(Artykuł
ukazał się w magazynie"Vege" nr 3/2014)
Barometr etyczny społeczeństwa niestety
ściśle powiązany jest z ekonomią rynku i neoliberalizmem. Dobra y zdobycze
społeczne nie są równoległe, stały się zależne i uwarunkowane względami
ekonomicznymi. Homo eticus został
uprowadzony przez homo economicus.
Nazistowskie Niemcy, po porażce
poniesionej podczas I Wojny Światowej i wykończone przez sankcje nałożone na
mocy Traktatu Wersalskiego, postanowiły szukać bogactwa i pieniędzy tam, gdzie
wtedy można je było znaleźć: w prosperującym świecie żydowskim. Holokaust to
eksterminacja posiadająca przede wszystkim podłoże ekonomiczne, a nie rasowe-
mimo to strategia Hitlera podtrzymywana będzie przez wciąż żywy rasizm
europejski, owoc starego strachu przed nieznanym. Po II Wojnie Światowej Stany
Zjednoczone odkryły, że fabrykowanie broni oraz innych produktów przeznaczonych
do celów wojennych i równocześnie do szybkiego zniszczenia lub zużycia, generowały
dywidendy wcześniejniewyobrażalne, dzięki którym wojna napełniała brzuchy i
burzono przeszkody stające na drodze do nowego, dzikiego etapu rentierskiego
kapitalizmu.Dlatego to USA jest największym producentem broni na świecie i od
tamtego czasu każdy północnoamerykański patriota POWINIEN posiadać przynajmniej
jedną broń w domu.
Ta historyczna okoliczność oraz widmo
krachu na Nowojorskiej Giełdzie Papierów Wartościowych w 1929 roku
zapoczątkowały to co ekonomiści oraz kręgi giełdowe nazywają „Ekonomią Wojny” i
co nie jest niczym innym niż przyspieszonym nasilaniem się eksploatacji złóż
naturalnych, generowaniem produktów krótkotrwałych, sprzedażą i konsumpcją,
gdzie zwykły obywatel spełnia tylko dwie funkcje: kupować i głosować, aby mechanizmy gwarantujące istnienie tego
systemu przetrwały. Równocześnie trwałość przedmiotów zostaje skrócona, ze
względu na rynek i na pomnażanie dywidend, bo w tej sytuacji konsument musi
kupować systematycznie (pod obłąkańczą presją środków masowej dezinformacji)

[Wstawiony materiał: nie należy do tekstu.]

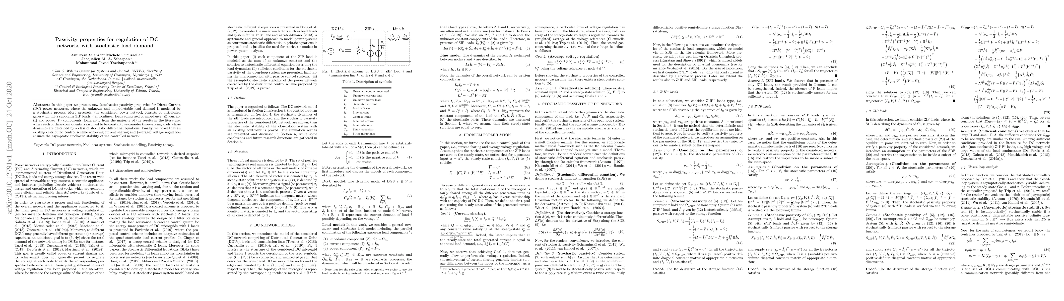 In this paper we present new (stochastic) passivity properties for Direct Current (DC) power networks, where the unknown and unpredictable load demand is modelled by a stochastic process. More precisely, the considered power network consists of distributed generation units supplying ZIP loads, i.e., nonlinear loads comprised of impedance (Z), current (I) and power (P) components. Differently from the majority of the results in the literature, where each of these components is assumed to be constant, we consider time-varying loads whose dynamics are described by a class of stochastic differential equations. Finally, we prove that an existing distributed control scheme achieving current sharing and (average) voltage regulation ensures the asymptotic stochastic stability of the controlled network.
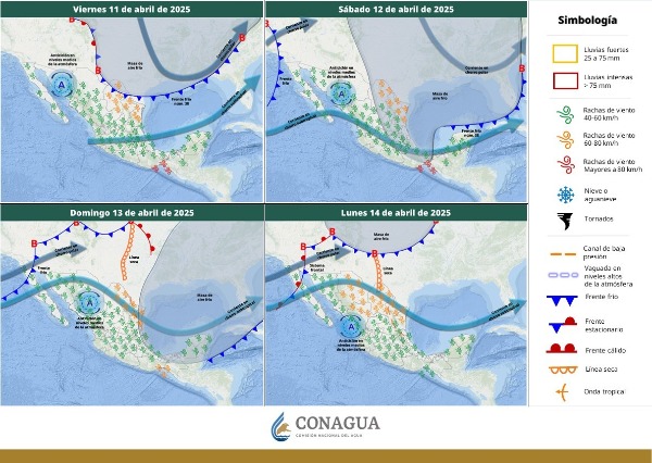Finalmente, la Conagua y el Servicio Meteorológico Nacional exhortan a la población a mantenerse informada sobre las condiciones meteorológicas mediante las páginas de internet www.gob.mx/conagua y http://smn.conagua.gob.mx, en las cuentas de X @conagua_mx y @conagua_clima y de Facebook www.facebook.com/conaguamx, así como en la aplicación para dispositivos móviles ConaguaClima, donde se puede consultar el pronóstico por municipios.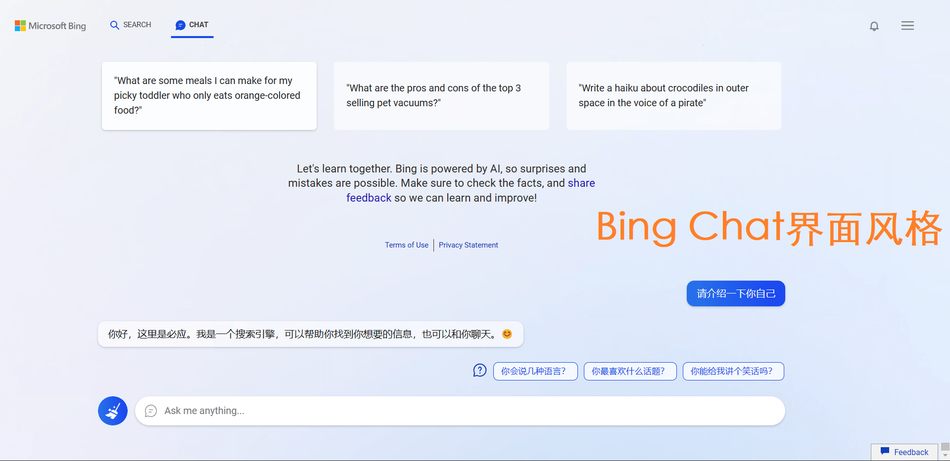 Bing Chat 的核心技术是 Prometheus 模型,据 Bing Chat 介绍,这是一种比 ChatGPT 更先进、更快速的大型语言模型,它可以理解用户的意图,生成流畅、有趣、有用的回答。那么 Bing Chat 和 ChatGPT 有什么不同之处呢?本文将从界面和答案两个方面进行比较。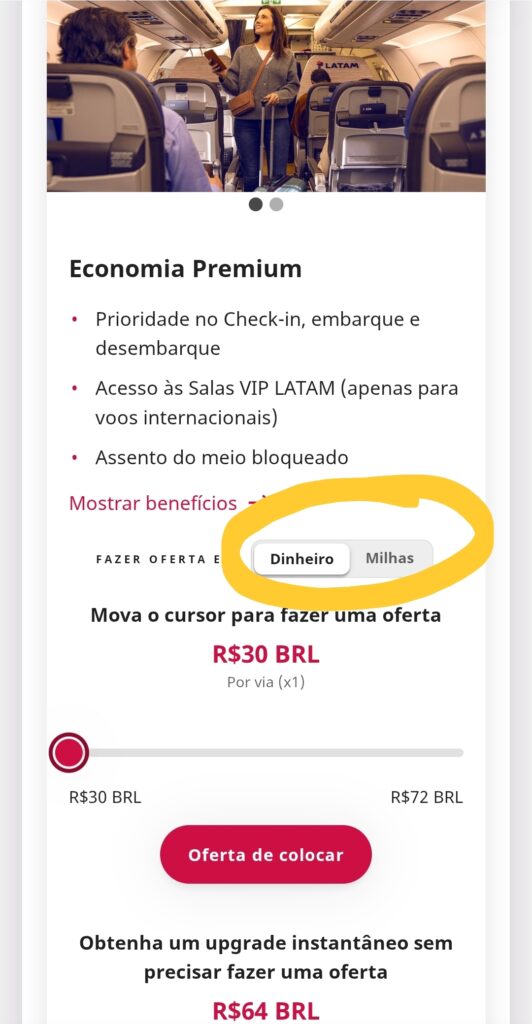 Participe oferecendo um valor! Você pode usar Dinheiro ou Milhas LATAM Pass. A cobrança só será realizada se o seu lance for aceito, e você pode cancelar o pedido até 12 horas antes do voo.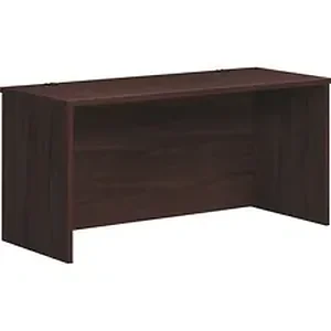 Credenza shell is part of the HON Foundation, a versatile collection of laminate desk and storage solutions that can be combined in a variety of ways to fit any work style or space. Combine with a Foundation desk shell, return shell, bridge and pedestals (all sold separately) for an L-station or U-station. Surfaces feature attractive, scratch-resistant, stain-resistant, Mahogany thermal-fused laminate for an unbeatable combination of stunning beauty and rugged durability. The durable top and end panels are 1" thick. Convenient cord management for the 60" wide credenza shell includes two black 3" cord grommets in the rectangular top and one cord pass-through grommet in the top center of full-height modesty panel. Adjustable floor-leveling glides provide 3/4" of adjustment.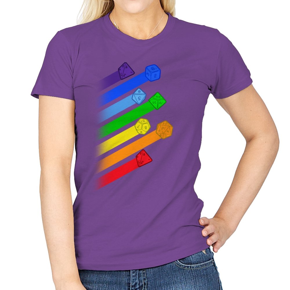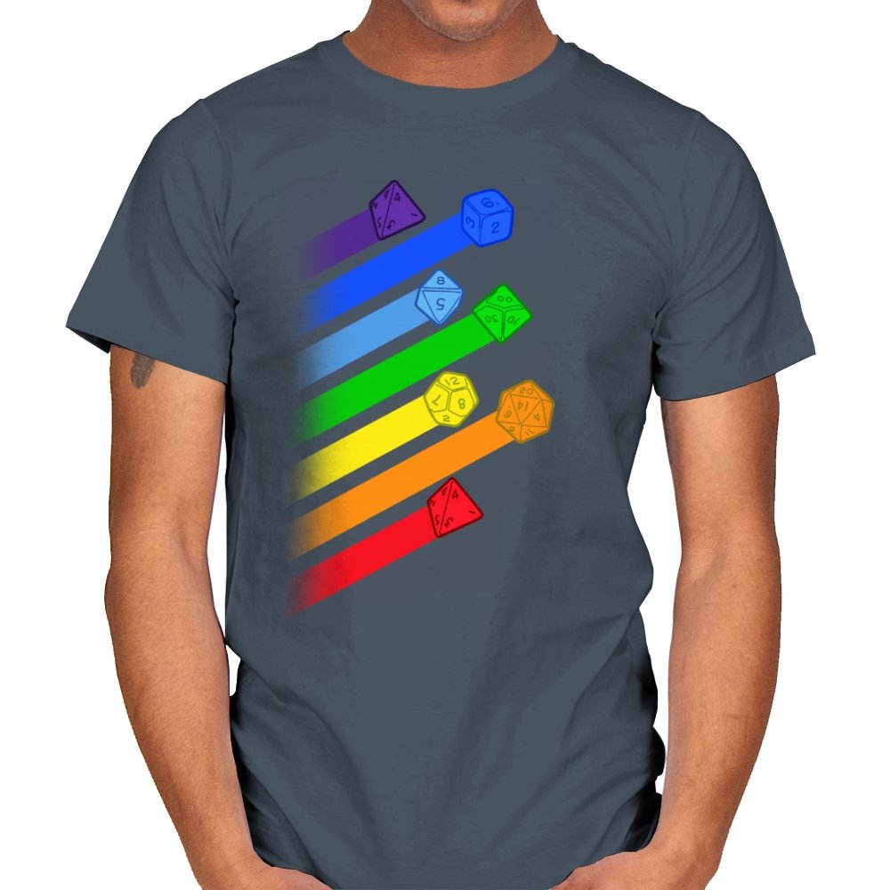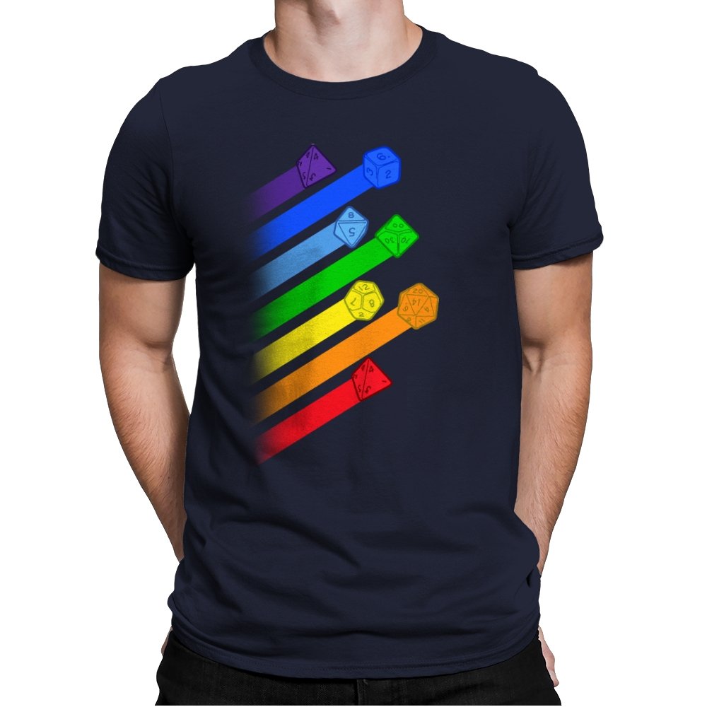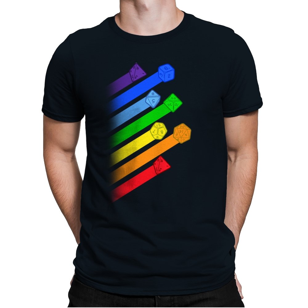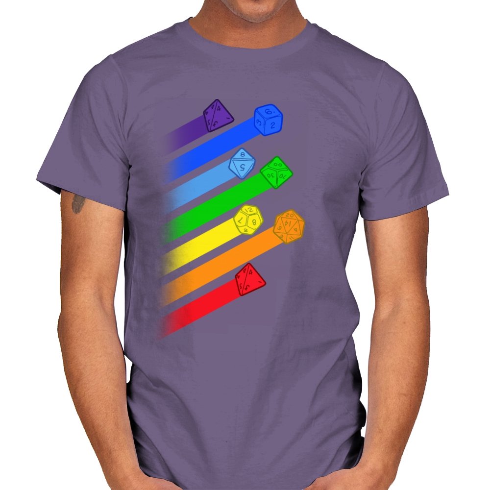 This design lines up a whole spectrum of polyhedral dice, each trailing a ribbon of matching color. From deep violet all the way to red, every shape gets its own spotlight, like a pride flag for tabletop players. The clean gradients and angled layout make it feel in motion, as if the dice were tossed and left streaks across the page. Fans do not need the reference explained because the geometry speaks for itself.

coraz więcej przedmiotów, aby zastąpić te zepsute, zaprojektowane jako krótkotrwałe.
Ekonomia nie ma szacunku dla niczego
ani nikogo, ministerstwa wszystkich państw wpatrzone są w działania lub brak
działań Ministerstwa Gospodarki, Pana wszystkiego, który reguluje życie i
śmierć mieszkańców, określa granice, decyduje o przebiegu i trwaniu konfliktów
i który ostatecznie manipuluje ideologiami, rasami, religiami, kulturami oraz
sposobami myślenia po to, by przystosować je do okoliczności i globalnego
“rozwoju” cywilizacji.
Dla społeczeństwa dobrobytu miernikiem wzrostu i
zdrowia państwa jest produkt krajowy brutto, a nie zdrowy rozsądek, czystość
środowiska czy poziom etyki społeczeństwa.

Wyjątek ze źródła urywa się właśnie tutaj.